Even prior to the COVID-19 crisis, young, playful, digitally-saturated global citizens were giving beauty a massive grassroots reboot. Beauty takes like ‘crystal eye makeup’, ‘rockstar girlfriend’, ‘indie sleeze’ and ‘euphoria’ were enjoying favour among the makeup communities of TikTok and Youtube, but even moreso now.
Unconventional beauty that rejected traditional beauty representations and embraced gender fluidity was in, spawned from an ever-agitated melting pot of social media imagery and multicultural influence, according to Kimberly Howard, semiotics director and trends expert at research agency Verve.
People are owning ‘conventionally unattractive signs of beauty’
“It’s a really interesting shift we identified of unconventional beauty being beauty,” Howard told CosmeticsDesign-Europe, especially when viewed through a semiotic lens.
SEMIOTICS
Semiotics, also known as semiology, is the systematic study of signs and sign-using behaviour and investigation into how meaning is created and communicated as a result.
The field centres on the science of interpreting meaning from signs existing within paradigms or realms, such as beauty.
Swiss linguist Ferdinand de Saussure, one of its founders, described it as the study of ‘the life of signs within society’.
“Semiotics reveals how a code represents a particular manifestation of a certain meaning within it,” Howard explained. “So, brands like (New York City-based) Milk Makeup, for example, they have featured models with shaved heads or no eyebrows; intentionally quite crude and messy makeup with sometimes gerning facial expressions. Or models wearing alien masks.

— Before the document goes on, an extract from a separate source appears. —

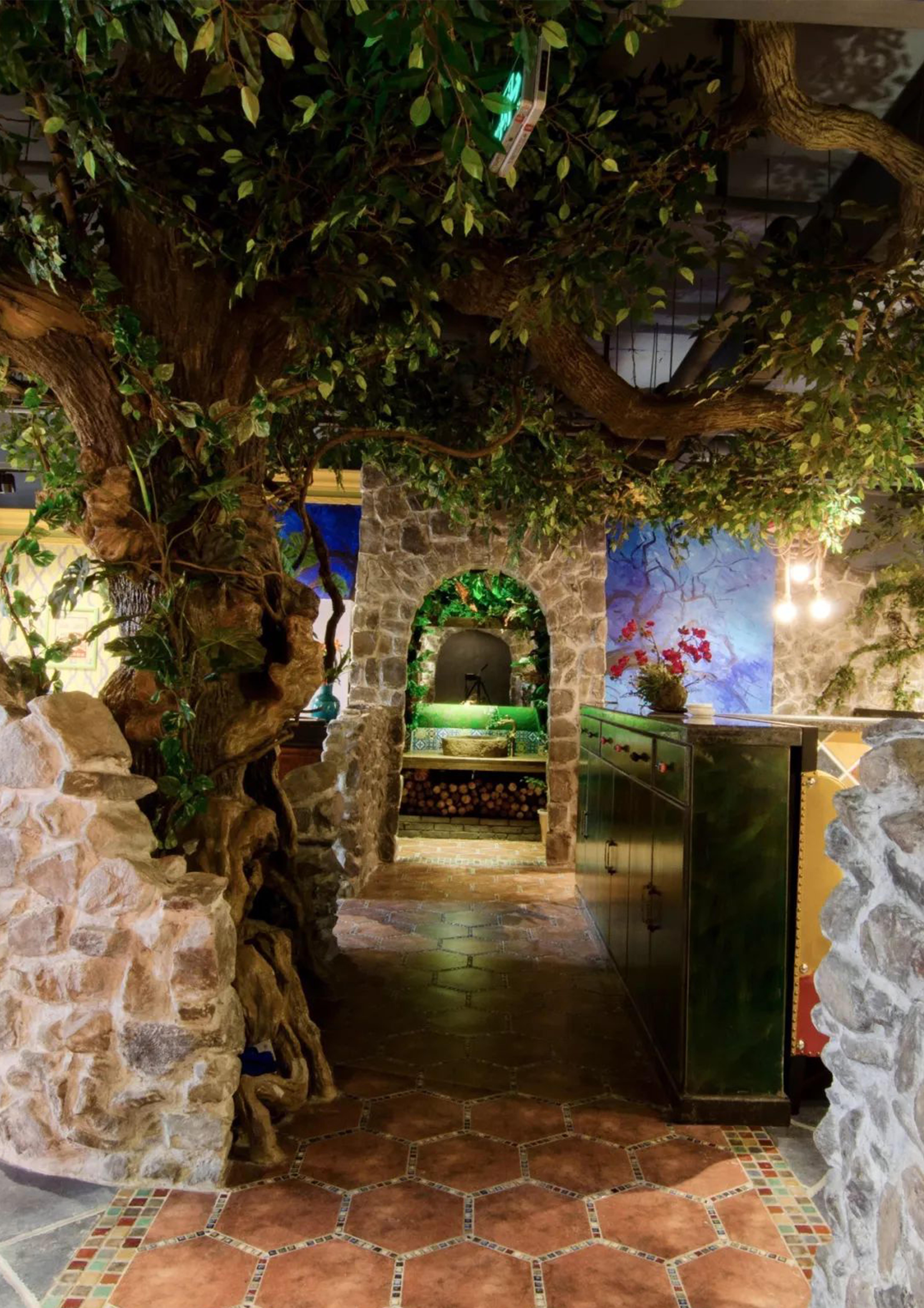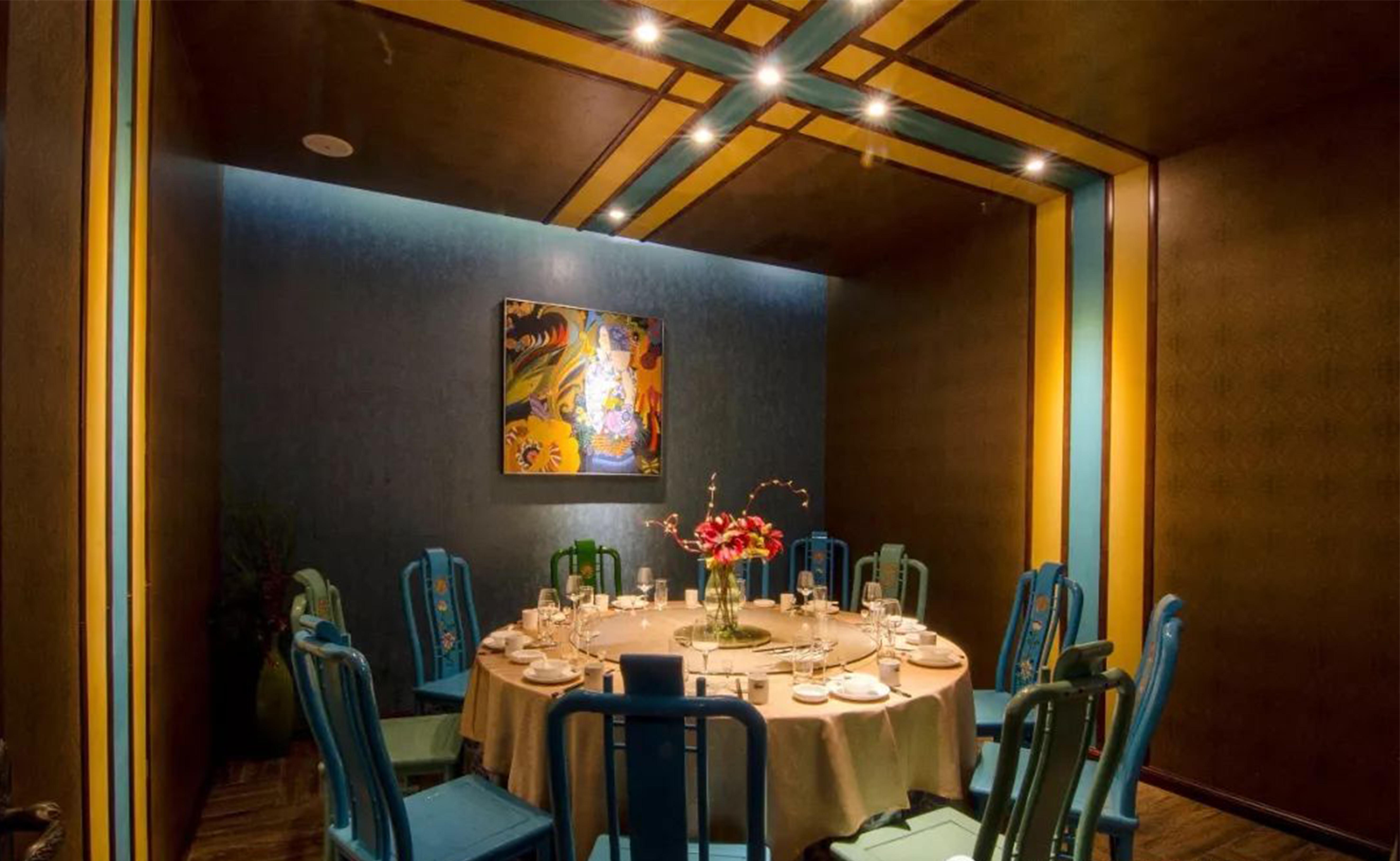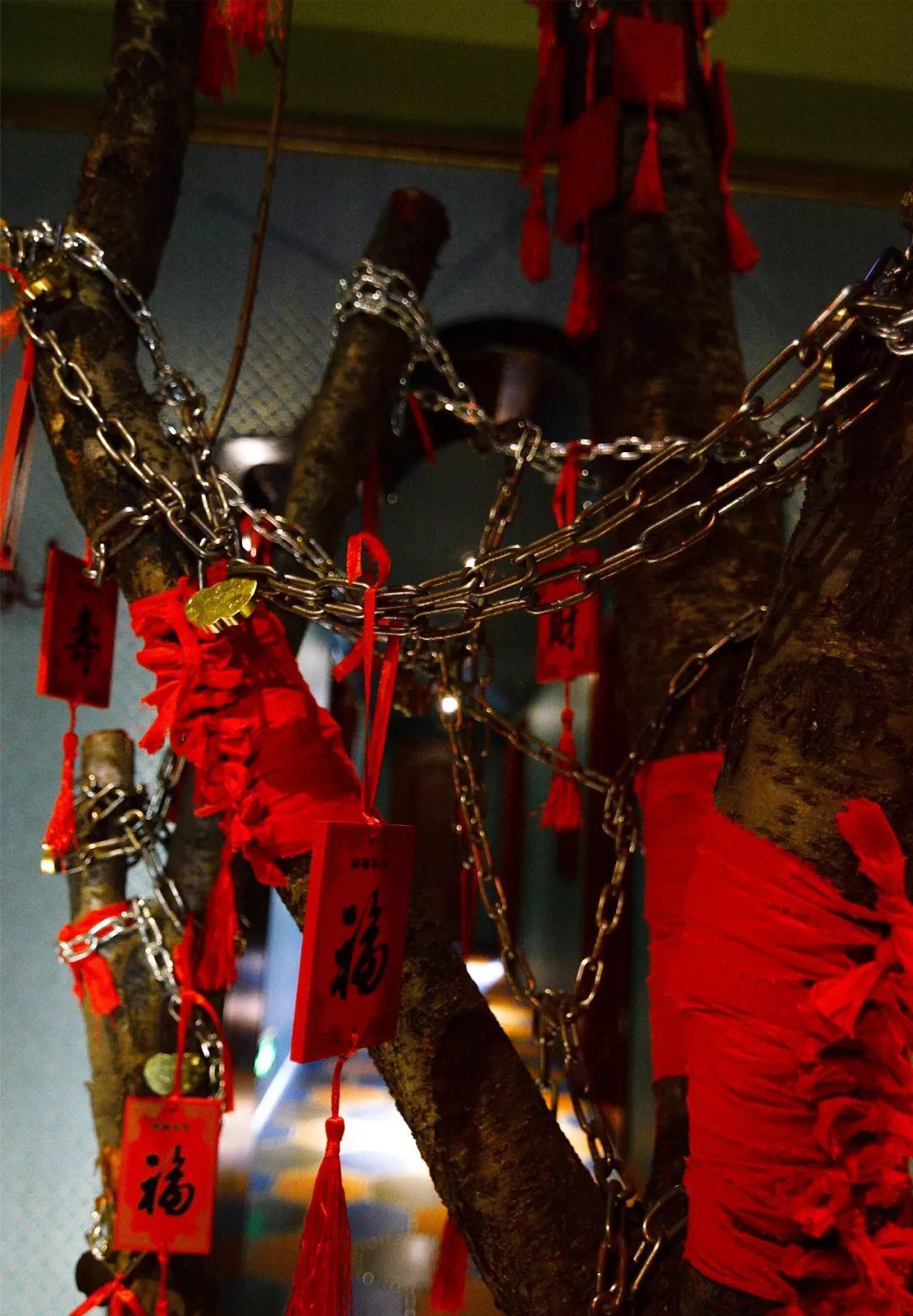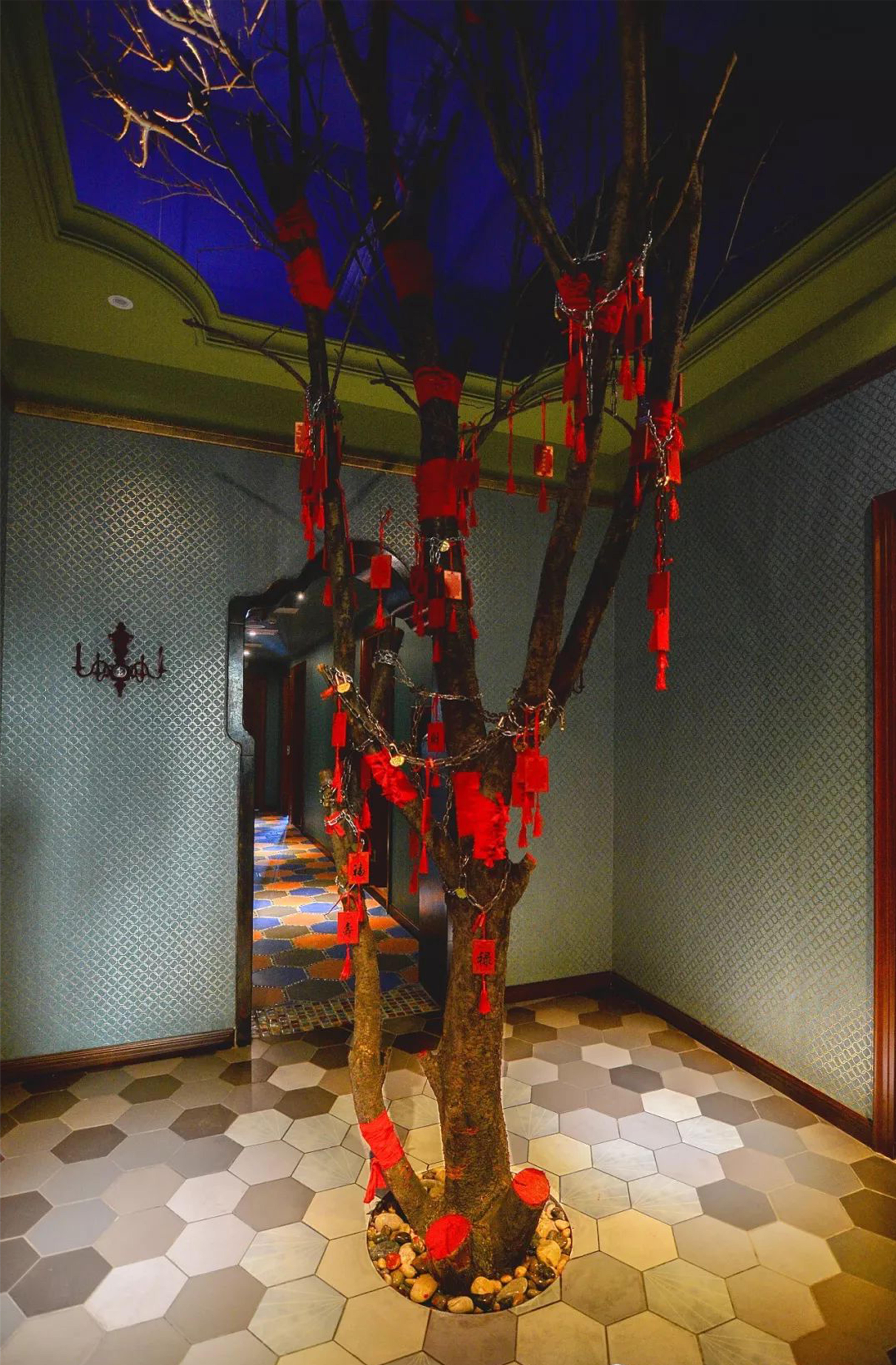 三楼的包间是整个饭店的尊享消费区,因此刻意地在过道前预留了前厅作为进入仪式,为超越三楼楼梯间尽头的“狂欢”,设计从宗教的精神层面构思,在前厅中心安置了一颗可以祈福许愿的桃树,树上捆绑的红绳、锁牌和神秘光色的蓝顶营造出可以覆盖和压制“狂欢”的情绪,以示隆重进入。

“It all just showcases how stereotypical depictions of beauty are shifting. There's a subcategory of people kind of owning conventionally unattractive signs of beauty, and it being celebrated. So that was a really nice semiotic shift we identified.”
Gender, beauty and mental health merge
Howard said within this shift, traditional gender-focused marketing was also under serious renovation as many brands pivoted to meet the demands of more gender-fluid times, amid greater heed being paid to mental health.
“The distinctions between male and female are obviously blurring – people don’t want to be forced into a particular idea determined by society or culture. They’re considering what is being dictated to them by the world versus what they are feeling.”
Industry could tap into this “middle ground” with products that catered to both men and women, offering “minimalistic design” that wasn’t necessarily “gender-coded”, she said.
“The mental health movement fits in here too as people reflect on the mental health impacts of adhering to all these beauty standards, particularly for Gen Z who are seeking to be much kinder to themselves,” she said.
Escape mechanism – the lipstick effect
And in fraught times defined by social, economic and environmental insecurities post-pandemic, Howard said the role of beauty rituals as a positive form of escapism had gained fresh importance.
“Beauty is definitely a form of escapism,” she said. “People look forward to it when they're going out at the weekend – that whole process of getting your makeup brushes out – and we have access to so many tools now with different types of brushes and big all-in-one kits that are quite affordable. We can enjoy that process of choosing the brush, choosing our colours, colour palettes, and making ourselves feel better.”
And whilst many beauty-from-within products contained ingredients linked with mood improvement, she said beauty rituals themselves were inherently mood-boosting.
“The lipstick effect is powerful – buying ourselves nice things in order to make us feel better,” the Manchester-based analyst said. “But then there’s also escapism in the sense of going into a cosmetics store, an immersive environment, to quite literally escape from reality. And sometimes escape their own identities as well to become somebody else or try out a new identity for a while.”
Rethinking beauty retail
And beauty brands and retailers were rapidly shifting gears to keep up and stay relevant with playfulness and variety moving front-and-centre in the beauty world, Howard said.
“You have large, traditional retailers like Selfridges in the UK increasingly stocking more niche beauty products, and it's very much a minimalistic space where there's small counters for each niche beauty area,” she said.
“And brands like (California-based) Kylie Cosmetics have these pink drips everywhere and it feels quite playful and experimental and almost like a surreal universe in comparison to your conventional beauty counters. That’s something that's growing and perhaps being pushed by the online world.”
And this all aligned well with trends seen on TikTok, where the makeup community was celebrating things like glitter and 1980s nostalgia amidst the popularity of Stranger Things on Netflix, she said – trends that demonstrated exactly how this generation was being influenced in makeup.
Howard said beauty retail would have to continue to become “much more experimental” moving forward. Stores were set to become “much more exciting places for consumers to explore”, she said.